▶ **What to work on**
Each record that follows should be duplicated exactly, except for its pictures.

----------

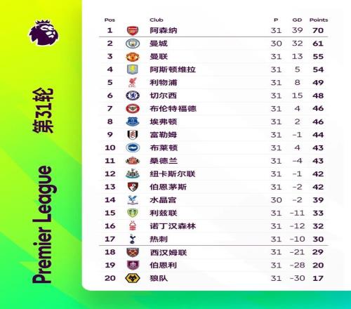 北京时间3月23日晚 ,本轮英超除曼城对阵水晶宫延期外 ,其他9场角逐所有竣事。由于本周阿森纳在联赛杯决赛对阵曼城 ,双方本轮联赛脱期举行(阿森纳角逐提前至2月19日 ,曼城角逐则推迟 ,详细时间待定)。在提前举行的那场对决之中 ,狼队爆冷2比2逼平领头羊阿森纳 ,现在枪手多赛一场情形下仍领先曼城9分;本周开打的8场英超31轮角逐中 ,曼联2比2被伯恩茅斯逼平仍位列第三;而阿斯顿维拉2比0轻取保级球队西汉姆联 ,离曼联仅剩1分;利物浦则是1比2负于布莱顿继续位居第五 ,切尔西0比3惨败埃弗顿 ,红蓝两军双双折戟。
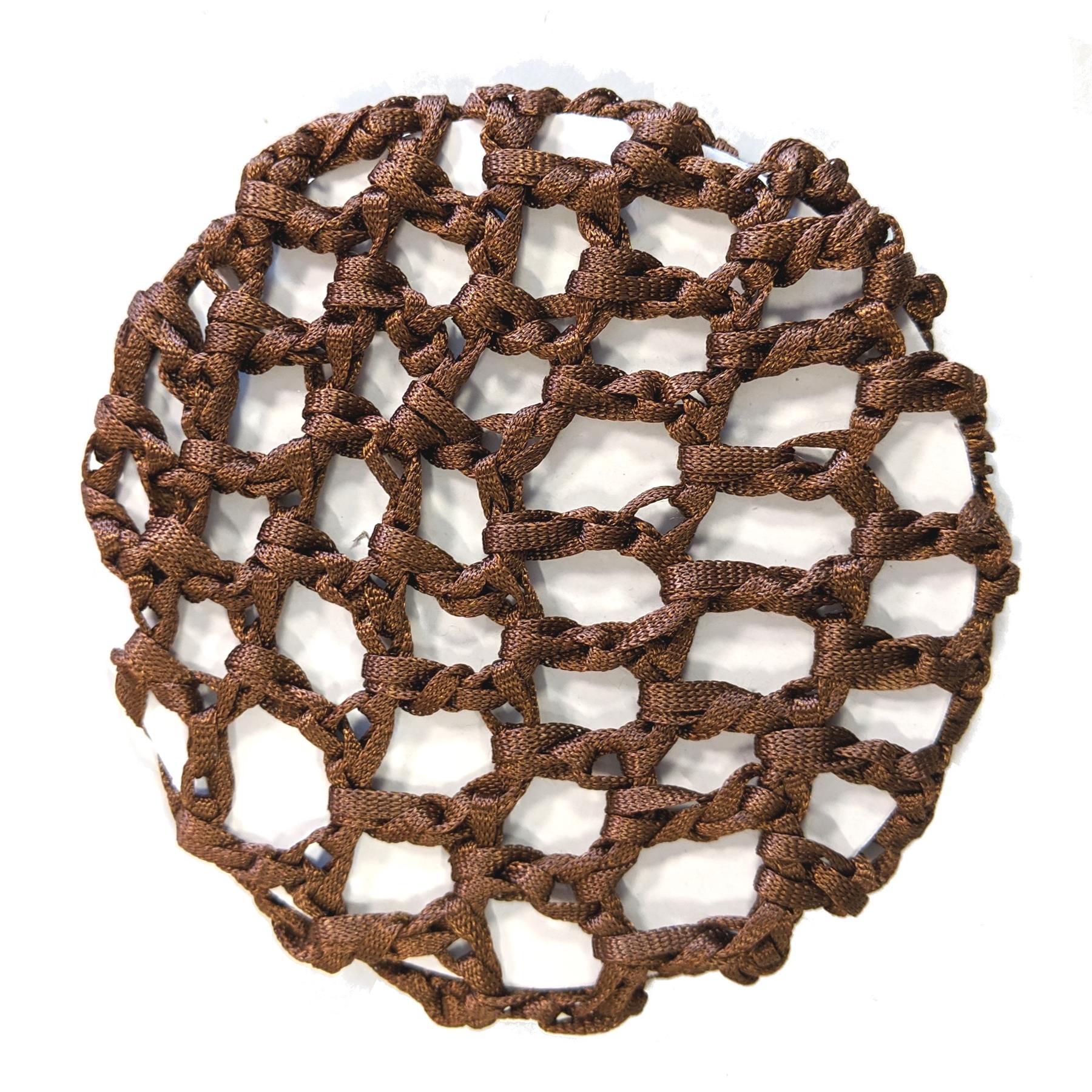 Brown Ribbon Knot Crochet Bun Elasticated Hair Net Ballet Dance Gymnastics
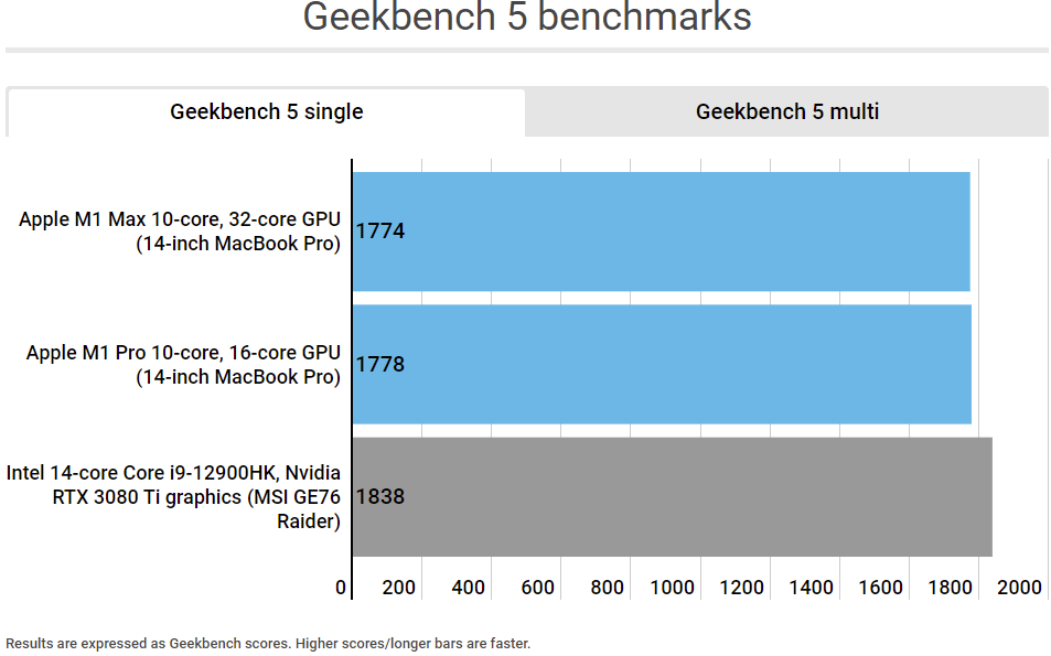 명확히 해두자면, PCWorld는 리뷰에서 애플 실리콘을 비교군에 넣지 않았다. 윈도우 노트북을 리뷰하면서 앨더레이크를 전작이나 8코어 라이젠 9 5900HX CPU와 비교하는 리뷰를 작성했다. PCWorld가 사용하는 벤치마크 상당수는 맥을 지원하지 않거나 네이티브 M1 버전이 없는 경우가 많다. 그러나 긱벤치와 시네벤치 두 가지는 맥을 지원하고, Macworld에서도 사용하는 벤치마크다. 여기에서 많은 것을 알 수 있었다.
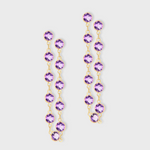 These graceful earrings feature a series of amethyst gemstones, carefully set in gold to catch the light from every angle. Their elongated design provides a sophisticated touch, perfect for adding elegance to any occasion.
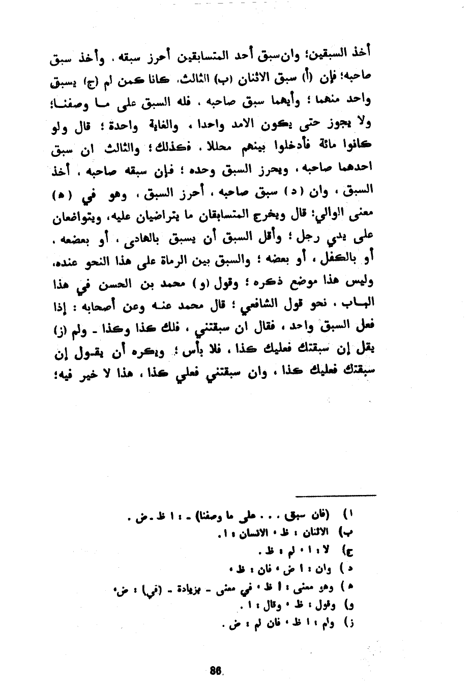 أَخَذَ السَّبَقَيْنِ وَإِنْ سَبَقَ أَحَدُ الْمُتَسَابِقِينَ أَحْرَزَ سَبْقَهُ وَأَخَذَ سَبْقَ صَاحِبِهِ فَإِنْ سَبَقَ الِاثْنَانِ الثَّالِثَ كَانَا كَمَنْ لَمْ يَسْبِقْ وَاحِدٌ مِنْهُمَا وأيهما سبقا صَاحِبَهُ فَلَهُ السَّبْقُ عَلَى مَا وَصَفْنَا وَلَا يَجُوزُ حَتَّى يَكُونَ الْأَمَدُ وَاحِدًا وَالْغَايَةُ وَاحِدَةً قَالَ وَلَوْ كَانُوا مِائَةً فَأَدْخَلُوا بَيْنَهُمْ مُحَلِّلًا فَكَذَلِكَ وَالثَّالِثُ إِنْ سَبَقَ أَحَدُهُمَا صَاحِبَهُ وَيُحْرِزُ السَّبْقَ وَحْدَهُ فَإِنْ سَبَقَهُ صَاحِبُهُ أَخَذَ السَّبْقَ وَإِنْ سَبَقَ صَاحِبَهُ أَحْرزَ السَّبْقَ وَهُوَ فِي (هـ) مَعْنَى الْوَالِي قَالَ وَيُخْرِجُ الْمُتَسَابِقَانِ مَا يَتَرَاضَيَانِ عَلَيْهِ وَيَتَوَاضَعَانِ عَلَى يَدَيْ رَجُلٍ وَأَقَلُّ السَّبْقِ أَنْ يَسْبِقَ بِالْهَادِي أَوْ بَعْضِهِ أَوْ بِالْكِفْلِ أَوْ بَعْضِهِ وَالسَّبَقُ بَيْنَ الرُّمَاةِ عَلَى هَذَا النَّحْوِ عِنْدَهُ وَلَيْسَ هَذَا مَوْضِعُ ذِكْرِهِ وَقَوْلُ مُحَمَّدِ بْنِ الْحَسَنِ فِي هَذَا الْبَابِ نَحْوَ قَوْلِ الشَّافِعِيِّ قَالَ مُحَمَّدٌ عَنْهُ وَعَنْ أَصْحَابِهِ إِذَا فَعَلَ السَّبَقَ وَاحِدٌ فَقَالَ إِنْ سَبَقْتَنِي فَلَكَ كَذَا وَكَذَا وَلَمْ يَقُلْ إِنْ سَبَقْتُكَ فَعَلَيْكَ كَذَا فَلَا بَأْسَ وَيُكْرَهُ أَنْ يَقُولَ إِنْ سَبَقْتُكَ فَعَلَيْكَ كَذَا وَإِنْ سَبَقْتَنِي فَعَلَيَّ كَذَا هَذَا لَا خَيْرَ فِيهِ
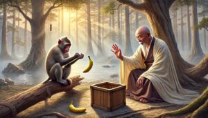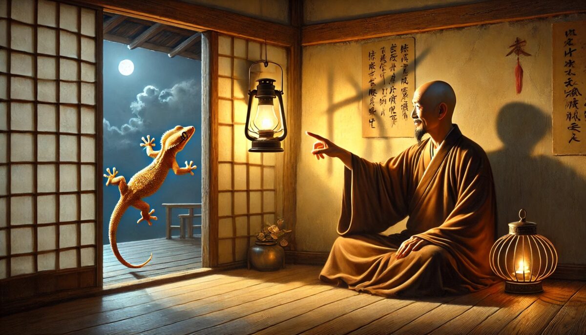 壁虎和灯 ussomc10Dec 22, 2024 壁虎和灯 背景: 赵州禅师用壁虎追灯光的现象解答弟子的困惑。 故事内容: 弟子问赵州:“师父,修行中如何追求光明?” 赵州指着一只追逐灯光的壁虎,说:“光是追不到的,需找灯的源头。” 弟子恍然:“我应寻找内心的源头。” 禅意: 修行的光明不在外界,而在内心。追逐表象只会徒劳,回归本源方能见真。 Post Views: 89 <span class="nav-subtitle screen-reader-text">Page</span> Previous Post猴子和香蕉 Next Post禅师的猫 Related Posts 我是谁 云门禅师用幽默的回答打破弟子的思维局限。 ussomc10Jan 18, 2025 风吹竹 慧能禅师用自然景象教导弟子无为而安。 ussomc10Jan 18, 2025 走路与修行 临济通过生活中的小事揭示修行的真谛。 ussomc10Jan 18, 2025

----------

▶ **Response**
 北京时间3月23日晚 ,本轮英超除曼城对阵水晶宫延期外 ,其他9场角逐所有竣事。由于本周阿森纳在联赛杯决赛对阵曼城 ,双方本轮联赛脱期举行(阿森纳角逐提前至2月19日 ,曼城角逐则推迟 ,详细时间待定)。在提前举行的那场对决之中 ,狼队爆冷2比2逼平领头羊阿森纳 ,现在枪手多赛一场情形下仍领先曼城9分;本周开打的8场英超31轮角逐中 ,曼联2比2被伯恩茅斯逼平仍位列第三;而阿斯顿维拉2比0轻取保级球队西汉姆联 ,离曼联仅剩1分;利物浦则是1比2负于布莱顿继续位居第五 ,切尔西0比3惨败埃弗顿 ,红蓝两军双双折戟。
 Brown Ribbon Knot Crochet Bun Elasticated Hair Net Ballet Dance Gymnastics
 명확히 해두자면, PCWorld는 리뷰에서 애플 실리콘을 비교군에 넣지 않았다. 윈도우 노트북을 리뷰하면서 앨더레이크를 전작이나 8코어 라이젠 9 5900HX CPU와 비교하는 리뷰를 작성했다. PCWorld가 사용하는 벤치마크 상당수는 맥을 지원하지 않거나 네이티브 M1 버전이 없는 경우가 많다. 그러나 긱벤치와 시네벤치 두 가지는 맥을 지원하고, Macworld에서도 사용하는 벤치마크다. 여기에서 많은 것을 알 수 있었다.
 These graceful earrings feature a series of amethyst gemstones, carefully set in gold to catch the light from every angle. Their elongated design provides a sophisticated touch, perfect for adding elegance to any occasion.
 أَخَذَ السَّبَقَيْنِ وَإِنْ سَبَقَ أَحَدُ الْمُتَسَابِقِينَ أَحْرَزَ سَبْقَهُ وَأَخَذَ سَبْقَ صَاحِبِهِ فَإِنْ سَبَقَ الِاثْنَانِ الثَّالِثَ كَانَا كَمَنْ لَمْ يَسْبِقْ وَاحِدٌ مِنْهُمَا وأيهما سبقا صَاحِبَهُ فَلَهُ السَّبْقُ عَلَى مَا وَصَفْنَا وَلَا يَجُوزُ حَتَّى يَكُونَ الْأَمَدُ وَاحِدًا وَالْغَايَةُ وَاحِدَةً قَالَ وَلَوْ كَانُوا مِائَةً فَأَدْخَلُوا بَيْنَهُمْ مُحَلِّلًا فَكَذَلِكَ وَالثَّالِثُ إِنْ سَبَقَ أَحَدُهُمَا صَاحِبَهُ وَيُحْرِزُ السَّبْقَ وَحْدَهُ فَإِنْ سَبَقَهُ صَاحِبُهُ أَخَذَ السَّبْقَ وَإِنْ سَبَقَ صَاحِبَهُ أَحْرزَ السَّبْقَ وَهُوَ فِي (هـ) مَعْنَى الْوَالِي قَالَ وَيُخْرِجُ الْمُتَسَابِقَانِ مَا يَتَرَاضَيَانِ عَلَيْهِ وَيَتَوَاضَعَانِ عَلَى يَدَيْ رَجُلٍ وَأَقَلُّ السَّبْقِ أَنْ يَسْبِقَ بِالْهَادِي أَوْ بَعْضِهِ أَوْ بِالْكِفْلِ أَوْ بَعْضِهِ وَالسَّبَقُ بَيْنَ الرُّمَاةِ عَلَى هَذَا النَّحْوِ عِنْدَهُ وَلَيْسَ هَذَا مَوْضِعُ ذِكْرِهِ وَقَوْلُ مُحَمَّدِ بْنِ الْحَسَنِ فِي هَذَا الْبَابِ نَحْوَ قَوْلِ الشَّافِعِيِّ قَالَ مُحَمَّدٌ عَنْهُ وَعَنْ أَصْحَابِهِ إِذَا فَعَلَ السَّبَقَ وَاحِدٌ فَقَالَ إِنْ سَبَقْتَنِي فَلَكَ كَذَا وَكَذَا وَلَمْ يَقُلْ إِنْ سَبَقْتُكَ فَعَلَيْكَ كَذَا فَلَا بَأْسَ وَيُكْرَهُ أَنْ يَقُولَ إِنْ سَبَقْتُكَ فَعَلَيْكَ كَذَا وَإِنْ سَبَقْتَنِي فَعَلَيَّ كَذَا هَذَا لَا خَيْرَ فِيهِ
 壁虎和灯 ussomc10Dec 22, 2024 壁虎和灯 背景: 赵州禅师用壁虎追灯光的现象解答弟子的困惑。 故事内容: 弟子问赵州:“师父,修行中如何追求光明?” 赵州指着一只追逐灯光的壁虎,说:“光是追不到的,需找灯的源头。” 弟子恍然:“我应寻找内心的源头。” 禅意: 修行的光明不在外界,而在内心。追逐表象只会徒劳,回归本源方能见真。 Post Views: 89 <span class="nav-subtitle screen-reader-text">Page</span> Previous Post猴子和香蕉 Next Post禅师的猫 Related Posts 我是谁 云门禅师用幽默的回答打破弟子的思维局限。 ussomc10Jan 18, 2025 风吹竹 慧能禅师用自然景象教导弟子无为而安。 ussomc10Jan 18, 2025 走路与修行 临济通过生活中的小事揭示修行的真谛。 ussomc10Jan 18, 2025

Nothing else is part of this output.